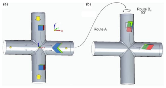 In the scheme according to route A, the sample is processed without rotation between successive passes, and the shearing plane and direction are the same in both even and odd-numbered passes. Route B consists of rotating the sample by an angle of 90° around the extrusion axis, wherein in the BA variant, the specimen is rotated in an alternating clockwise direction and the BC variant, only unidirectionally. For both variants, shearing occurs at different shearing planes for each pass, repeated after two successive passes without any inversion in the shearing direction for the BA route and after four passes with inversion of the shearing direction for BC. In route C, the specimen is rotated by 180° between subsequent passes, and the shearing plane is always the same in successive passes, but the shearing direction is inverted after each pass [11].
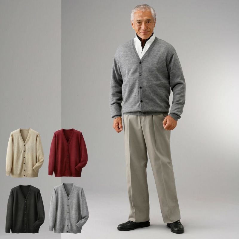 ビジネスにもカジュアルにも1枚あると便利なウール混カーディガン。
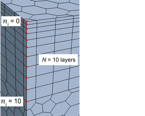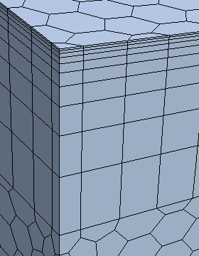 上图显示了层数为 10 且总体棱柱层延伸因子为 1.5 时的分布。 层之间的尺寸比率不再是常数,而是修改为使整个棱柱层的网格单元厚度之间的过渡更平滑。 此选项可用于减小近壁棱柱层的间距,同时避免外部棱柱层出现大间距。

▬▬▬▬▬▬

▶ [Goal of the exercise]:
Replicate the material above verbatim; images stay out of the copy.

▶ [The answer]:
 In the scheme according to route A, the sample is processed without rotation between successive passes, and the shearing plane and direction are the same in both even and odd-numbered passes. Route B consists of rotating the sample by an angle of 90° around the extrusion axis, wherein in the BA variant, the specimen is rotated in an alternating clockwise direction and the BC variant, only unidirectionally. For both variants, shearing occurs at different shearing planes for each pass, repeated after two successive passes without any inversion in the shearing direction for the BA route and after four passes with inversion of the shearing direction for BC. In route C, the specimen is rotated by 180° between subsequent passes, and the shearing plane is always the same in successive passes, but the shearing direction is inverted after each pass [11].
 ビジネスにもカジュアルにも1枚あると便利なウール混カーディガン。
 上图显示了层数为 10 且总体棱柱层延伸因子为 1.5 时的分布。 层之间的尺寸比率不再是常数,而是修改为使整个棱柱层的网格单元厚度之间的过渡更平滑。 此选项可用于减小近壁棱柱层的间距,同时避免外部棱柱层出现大间距。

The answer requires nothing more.